Sydney grabbed a sliver of wood at once in one claw and, balancing on the other foot, immediately began to gnaw away. From then on, Garrick made a point of giving him a bit of wood to chew whenever he could spare one. I supposed that Sydney’s beak grew like our fingernails do. If he’d nothing to gnaw on, it would curve inward and kill him.

He could be an affectionate bird when you got to know him. He especially liked me to stroke his neck and his back, and would even lower his head when I came near him if he wanted me to pet him. He was quite open in his feelings though. For those who teased him he had
a peck and a squawk, although this seemed to encourage them.

I thought he would enjoy being out in the open so I persuaded Evison to let me take him on deck for a few hours a day. ‘He’ll like being with the other birds,’ I said.

But out in the fresh air, Sydney took no interest in the caged birds. Instead he would stare longingly at the seabirds that circled our ship and try to fly away from his perch. I did feel sorry for him.
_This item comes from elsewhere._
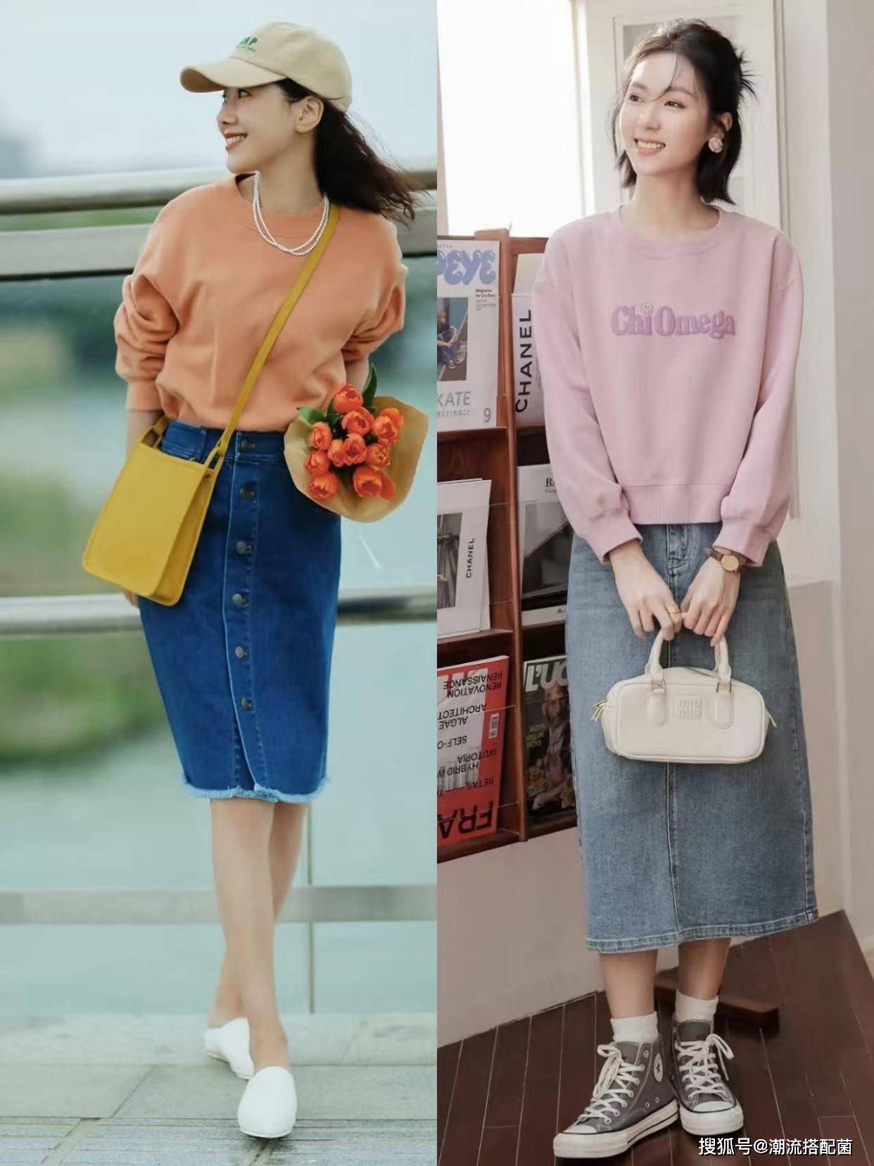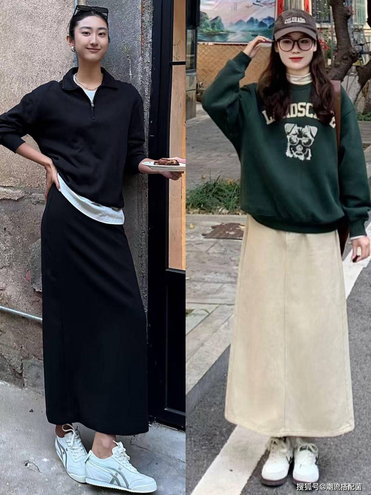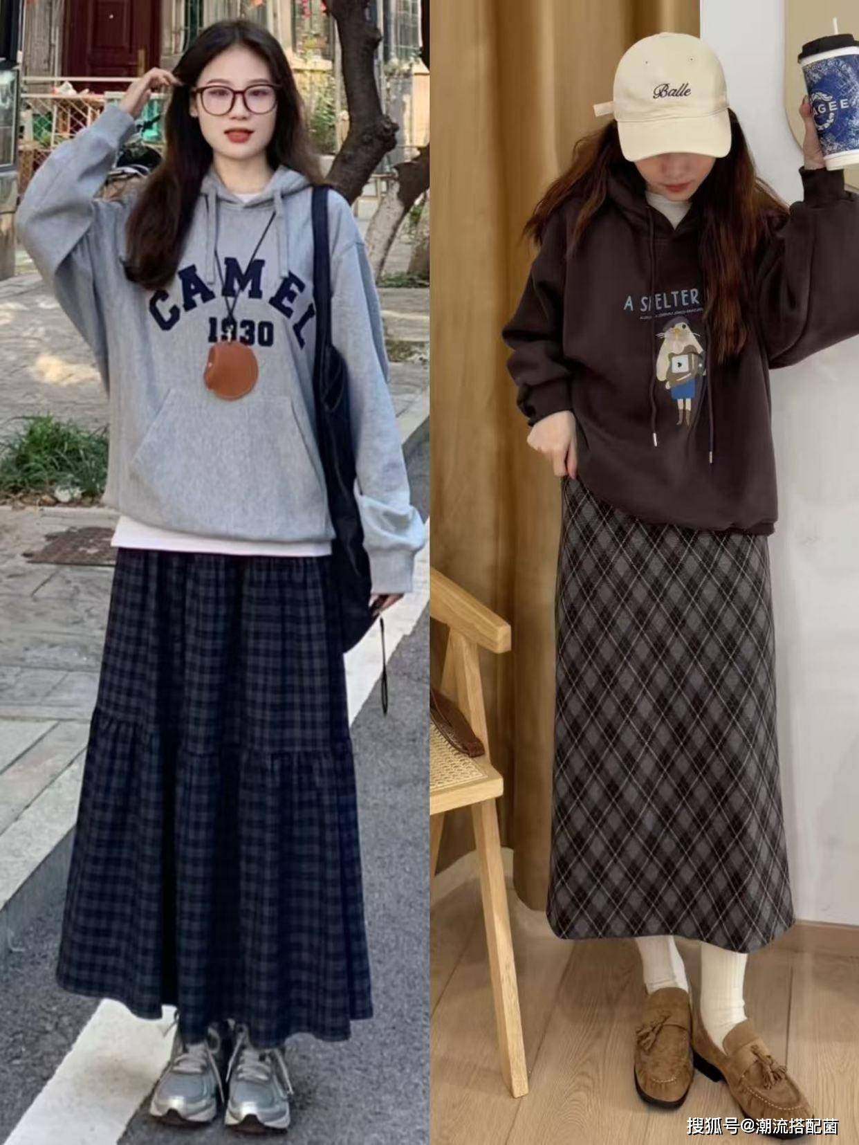 “卫衣+半身裙”大火潮流搭配菌
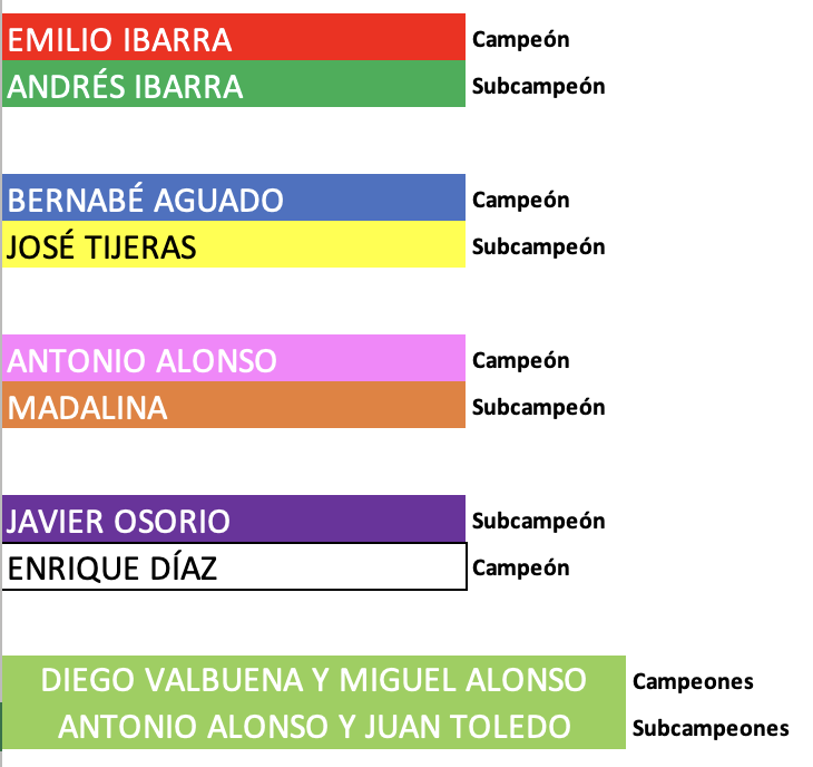 MIGUEL vs ADRIÁN Jueves 18:00

I knew what it was like to be held captive.

Looking after Sydney might make me more unpopular with the crew but it had one great perk. It gave me and Richard an excuse to talk to Lizzie and Bel. Like the other passengers, who often took to wandering the weather deck in a sullen daze, they were finding the voyage very tedious. Sydney was the perfect distraction. When I took him out on deck, they often came over to see him.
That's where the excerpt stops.